A professor’s opinion: time travel

A professor’s opinion: time travel

If you could time travel to one event, which would it be and why?

Jason Gehrke, history: “Well that’s pretty easy. I would go to the Resurrection.”

Jason Peters, English: “The Athenaeum Club. Anthony Trollope overhears two clueless clergymen complaining about Mrs. Proudie, a character in his serialized novel ‘The Last Chronicle of Barset.’ Trollope, unable to contain his irritation at these prelates, stands and says to them, ‘I will go home and kill her before the week is over!’ And so he did.
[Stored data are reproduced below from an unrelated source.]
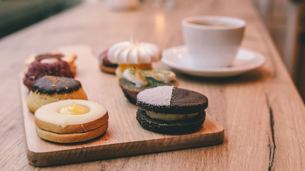 Hver dag er der otte småkager i disken, med hver deres egen historie, smag og udseende. Sortimentet skifter efter sæsonen, og småkagerne kan nydes som lidt sødt til kaffen eller som petit fours efter et middagsselskab.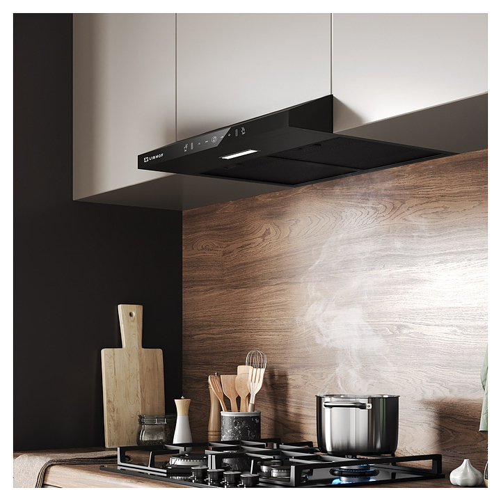 Подвесная кухонная вытяжка Libhof LF-3350b предназначена для очистки воздуха от продуктов горения, копоти и запахов в процессе приготовления пищи путем принудительной вентиляции в домашних условиях. Модель оснащена двумя жироулавливающими фильтрами, вентилятором с электродвигателем, откидной крышкой, светодиодными светильниками, кабелем питания с вилкой, панелью управления с сенсорными клавишами и цифровым дисплеем индикации. Корпус выполнен из высококачественной стали с термостойким покрытием, жироулавливающий фильтр – из алюминия. В комплект поставки входят вытяжка в сборе, инструкция, комплект крепежа, обратный клапан. Особенности: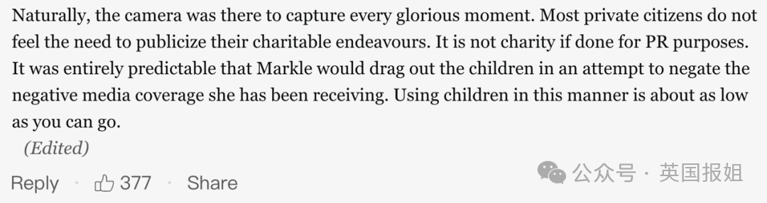 “超自然的呢,相机随时捕捉每一个荣耀的时刻。注重隐私的素人根本不会想用力宣传自己做慈善。要是为了公关宣传做的,那就不是慈善。这事儿太好解释了,梅根拖着娃出来想要平息她自己收到的那些负面媒体报道。想利用娃达到这种目的,low中之low。”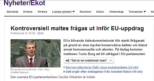 Inslag i SR: Kontroversiell maltes frågas ut inför EU-uppdrag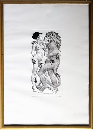 Lorenzo Alessandri, "Adis Abeba Meeting", 1971, acquaforte su carta cm 50x70,...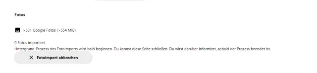 Der Import von Google-Fotos-Bildern kann sehr lange dauern - das heisst: mehrere Stunden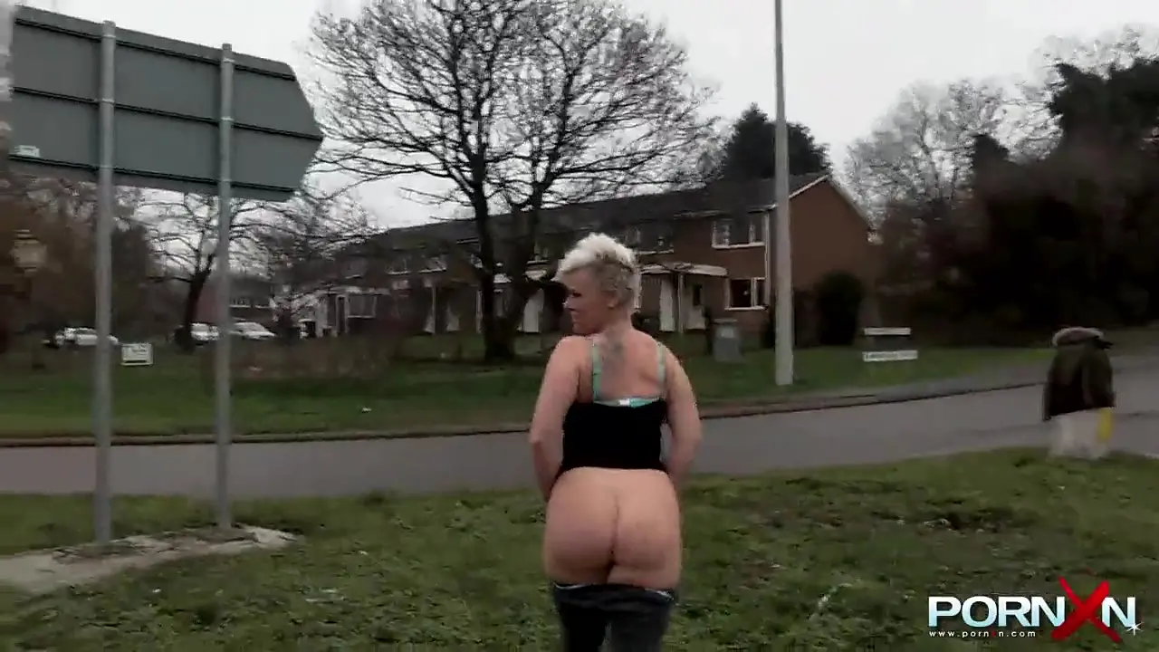 Bree, a gorgeous European mature woman with big tits and tattoos, enjoys public flashing by pissing outdoors in the UK. She teases onlookers with her busty figure as she pees, enjoying her fetish. Some lucky passerby gets splashed by her pee, creating a memorable moment.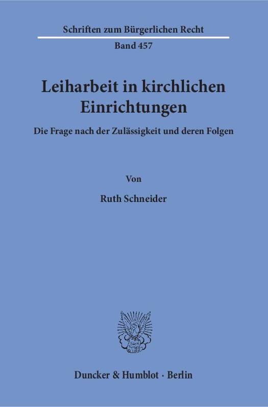 Auch Kirchen und ihre Einrichtungen nutzen gerne das Instrument der Arbeitnehmerüberlassung, allerdings nicht ohne auf Kritik zu stoßen. Problematisch erscheint die Vereinbarkeit mit dem Begriff der Dienstgemeinschaft. Anhand der Untersuchung theologischer Grundlagen, der Auswertung kirchlicher Normierungen sowie der Rechtsprechung werden Rückschlüsse gezogen auf die Zulässigkeit von Arbeitnehmerüberlassung in kirchlichen Einrichtungen. Es werden sieben Kriterien entwickelt, die erforderlich sind für einen Dienst in der Kirche. Im Ergebnis können im Rahmen der internen Arbeitnehmerüberlassung alle Voraussetzungen eingehalten werden, nicht aber bei der externen Arbeitnehmerüberlassung; hier wird der Aspekt der Lohngerechtigkeit nicht ausreichend berücksichtigt. Auf Folgeprobleme der Arbeitnehmerüberlassung, beispielsweise die Frage nach den Mitspracherechten der Mitarbeitervertretung, wird hingewiesen und nach Lösungsmöglichkeiten gesucht.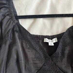 This elegant black blouse features charming puff sleeves that add a touch of romance to its design. The short sleeves and fitted bodice create a flattering silhouette, making it a versatile piece for various occasions.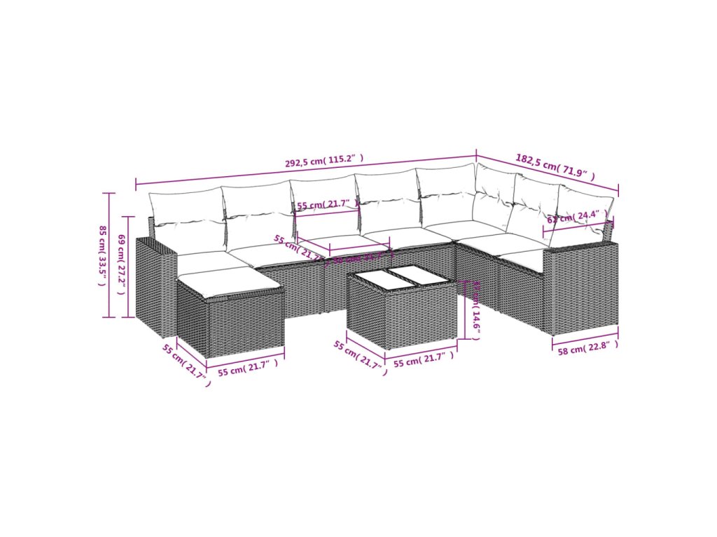 Tato zahradní sedací souprava je dokonalým doplňkem vaší zahrady, terasy nebo dvorku a poskytne vám pohodlné a příjemné místo, kde si můžete povídat s rodinou a přáteli nebo jen tak odpočívat a užívat si pobyt venku.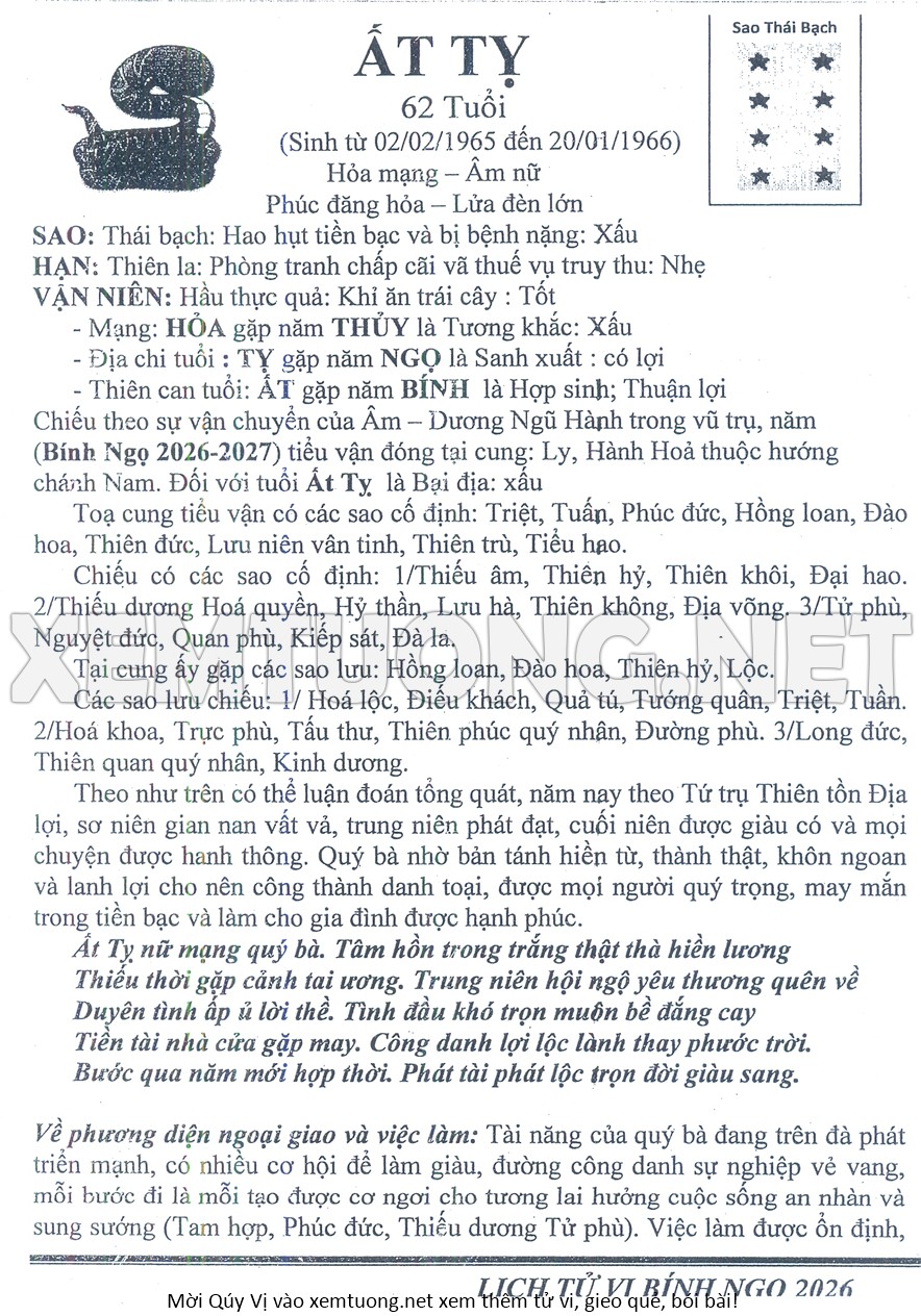 Tử Vi Năm Bính Ngọ 2026 mạng nữ ẤT TỴ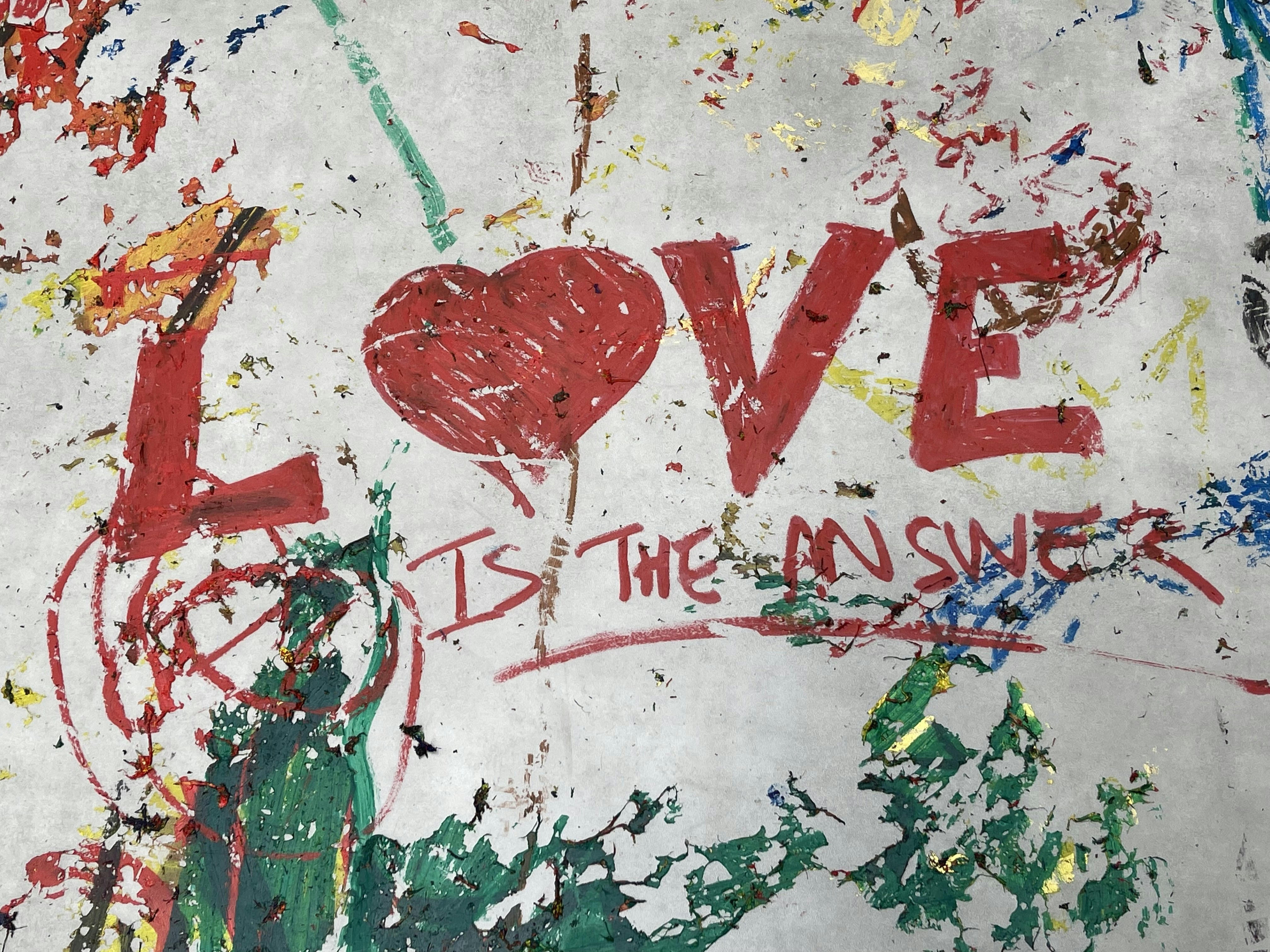 Graffiti translation: âThe last breath I'd want to give, Only to be able to know, Whose palm you breath into now, With whom you await the day.â
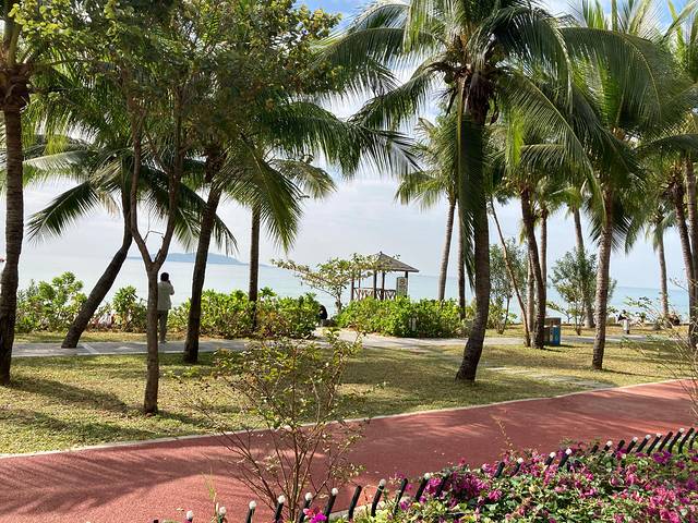 沿着三亚湾的沙滩而建的一座完全免费开放的滨海公园,非常非常的长,基本整个三亚湾的海滨都是公园,从市区一直到机场那边。公园里建有专门的步道,可以跑步,有许多绿植,当然椰树是必不可少的。沿路有很多停车场,隔一段距离一个,不过每个停车场都很小,大概能停十几辆车。地图对耶梦长廊的定位是在龙兴海鲜广场对面,这位置有不少大排挡。如果机场那边,人流会比市区少很多,有阳光的时候,感觉十分惬意。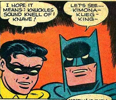 На следующую ночь появляется буква О. Ну, тут вообще не проблема – очевидно же, что Джокер появится на торжественном Открытии Оперы, где будут играть Отелло. И на этот раз ему тоже удаётся Обойти героев с помощью граммофона с записью своего хохота – пока Бэтмэн и Робин мечутся в поисках Джокера, он грабит посетителей и сваливает. Следующая буква К – Джокер собирается похитить бриллиант Кан, принадлежащий Королю Моравии, из ювелирки мистера Найта (Knight). Против подоспевших героев Клоун-принц преступности выпускает боевитого кенгуру. И сбегает, пока Бэтмэн держит отчаянно брыкающуюся тварь, а Робин надевает ей на башку мешок, чтобы дезориентировать. Далее следует буква Е, и героям приходится разделиться – Робин отправляется к зданию Electrical Engineering Enterprise, Бэтмэн – на выставку (Exhibition) Экселлы Эрмин. Робин таки натыкается на Джокера, получает по голове – но ему удаётся найти способ вызвать Бэтмэна. И общими усилиями Джокера побеждают. “Б – значит, бью. Э-энергично. Т-тебя. Э-энергично ещё раз. Н – не щадя!”. Побив, Джокера сдают властям и над ним все потешаются. “Последнюю букву в твоей аббревиатуре, Р, поставил Робин, загнав тебя в ловушку!”.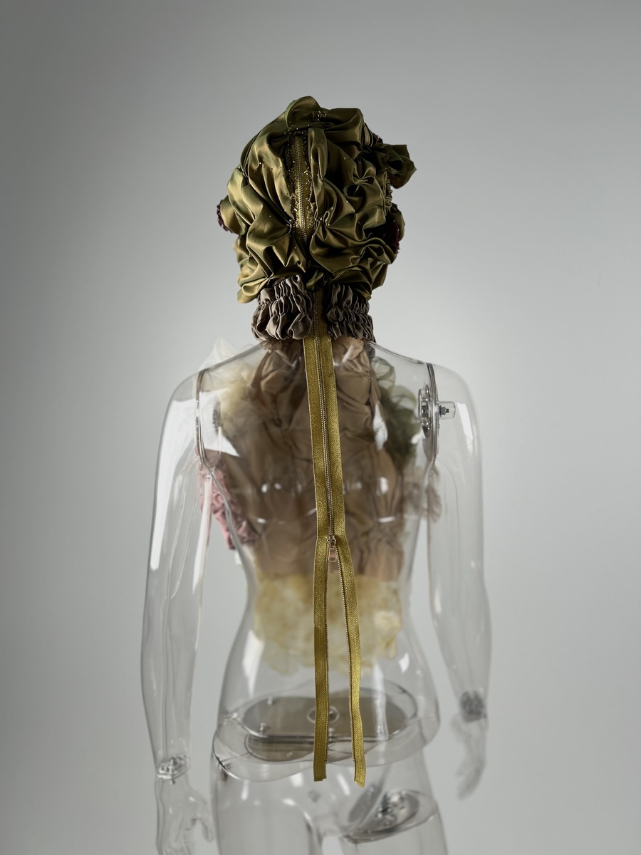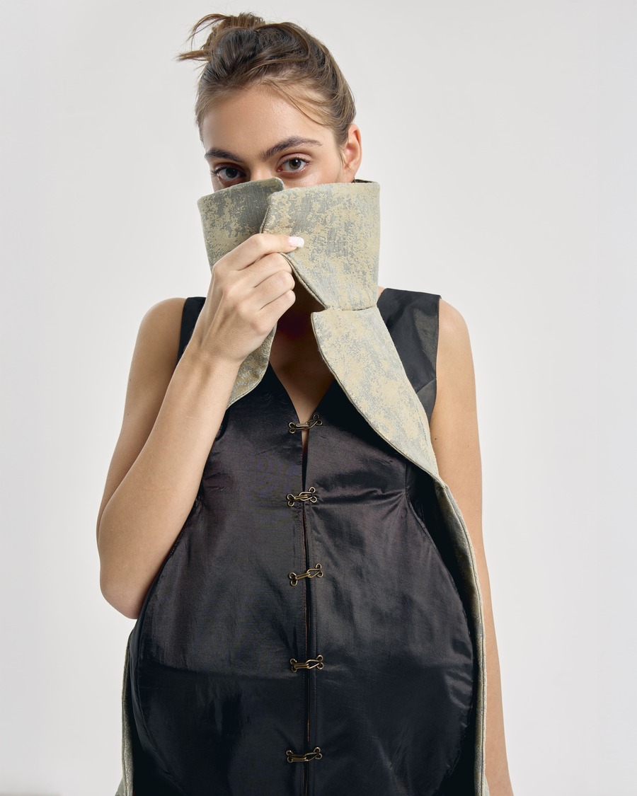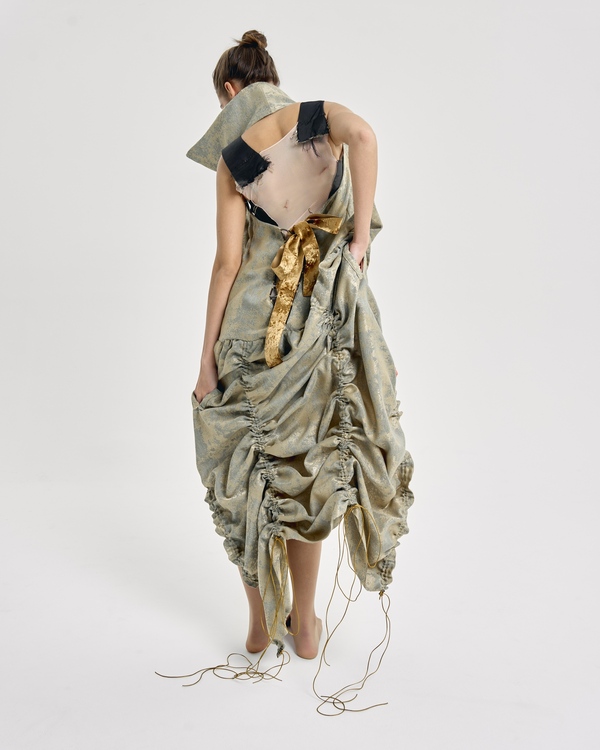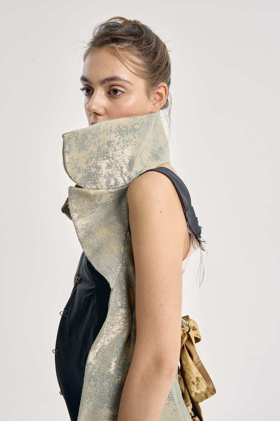 Изделие парадно — но золото будто тронуто патиной, как памятью о тлении. Жилет надут и не застёгивается, словно живот, распираемый излишеством; карманы вывернуты от перенаполненности — следы жадности, которые уже не скрыть. Низ юбки стягивается и напоминает театральную занавеску — вот-вот начнётся представление… Комедия или трагедия?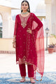 Dhiyona CH Embroidered Round Neck Thread Work Kurta With Trousers & Dupatta

Give me that or Appomattox two years prior.” 

Ivan Pongracic, economics: “As a guitarist with a deep passion for music, I would choose to go see one (or more, if possible) of my favorite guitarists playing live at the peak of his powers: Hank Marvin and The Shadows in 1961, Dick Dale and His Del-Tones in 1962, Ritchie Blackmore’s “Rainbow” in 1976. I suspect those would be truly fulfilling experiences with a great deal of nourishment for my soul.” 

Paul Rate, history: “The travel that I would like to undertake is travel through space and time to Philadelphia in the summer of 1787 to sit in on the deliberations that took place there and then concerning the framing of the US Constitution. I would like to hear with my own ears the words of James Madison, Alexander Hamilton, John Dickinson, James Wilson, Luther Martin, Charles Pinckney, Rufus King, and Gouverneur Morris.”

Roger Butters, economics: “That’s easy. Outside a garden tomb on a Sunday morning, in the spring, circa A.D. 33.”

John J. Miller, journalism: “I’d want to go to the Sermon on the Mount — but then I’d be like “Oh shoot, it’s in Aramaic. And modern dentistry is too far in the future. So, just take me back to Tuesday night and I’ll watch the Red Wings win again.”